The agreement, if it is confirmed, would be the biggest ever all-cash deal and the biggest acquisition by a German company. It will also divide analysts and Bayer shareholders, some of whom see merit in a combination that would create the world's No. 1 supplier of farm-inputs, while others fret that Bayer is overstretching to expand into a low-margin market.
Bayer's return on its investment in Monsanto is likely to be about 7% by 2020, below the bidders current cost of capital of 7.7%, according to Exane BNP Paribas analysts. Fund manager Henderson Group plc, one of Bayer's top 20 shareholders, has asked the company to use its cash to buy back shares.
Monsanto shareholders are unlikely to have any such conflicts. An offer of $129 a share may be below the $131 to $135 per share that CEO Hugh Grant had hoped for, but represents a 22% premium to the target's closing price on Tuesday.
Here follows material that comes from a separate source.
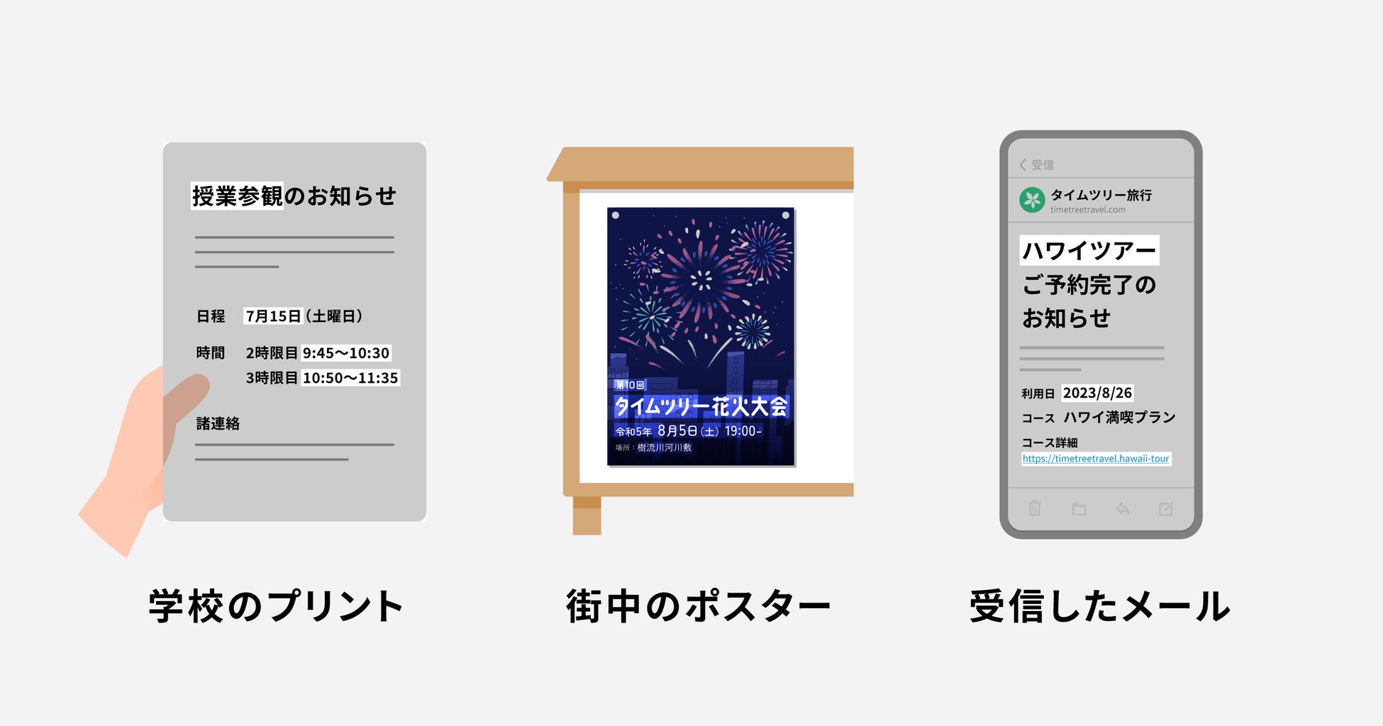 学校で配布された授業参観のプリント、街中に貼られたイベントのポスター、スマートフォンで受信したメールのスクリーンショットなど、様々な画像から予定データを登録することができます。

Monsanto shares closed Tuesday at €106.10, but rose in pre-market trading to $109, up $2.90, or 2.7%.
The new bid, which according to reports was approved by Monsanto's board on Tuesday, is also said to include a $3 billion break fee, twice the size of the fee included in earlier offers.
To put that in context, the new break fee is worth 30% more than Monsanto's 2015 fiscal year profit of $2.3 billion and is twice its forecast free cash flow for the current year of $1.4 billion to $1.6 billion. That is a sizeable bit of insurance for Monsanto, whose management has remained skeptical that regulators in both the U.S. and Europe will allow a deal to proceed without imposing concessions that would make Bayer balk.
The combination of Bayer's crop chemicals business, which ranks No.2 in the world behind Syngenta (SYT) , with the world's largest seed maker will create a company accounting for just under a third of the global market for farm-inputs.
It also comes at a time when deal making threatens to drastically cut competition in the agricultural supplies sector. Syngenta, which last year rejected a takeover by Monsanto, is in the process of finalizing a takeover by ChemChina, while Dow Chemical (DOW) and Du Pont (DD - Get Report) are working to merge and spin off their seeds and farm chemicals operations.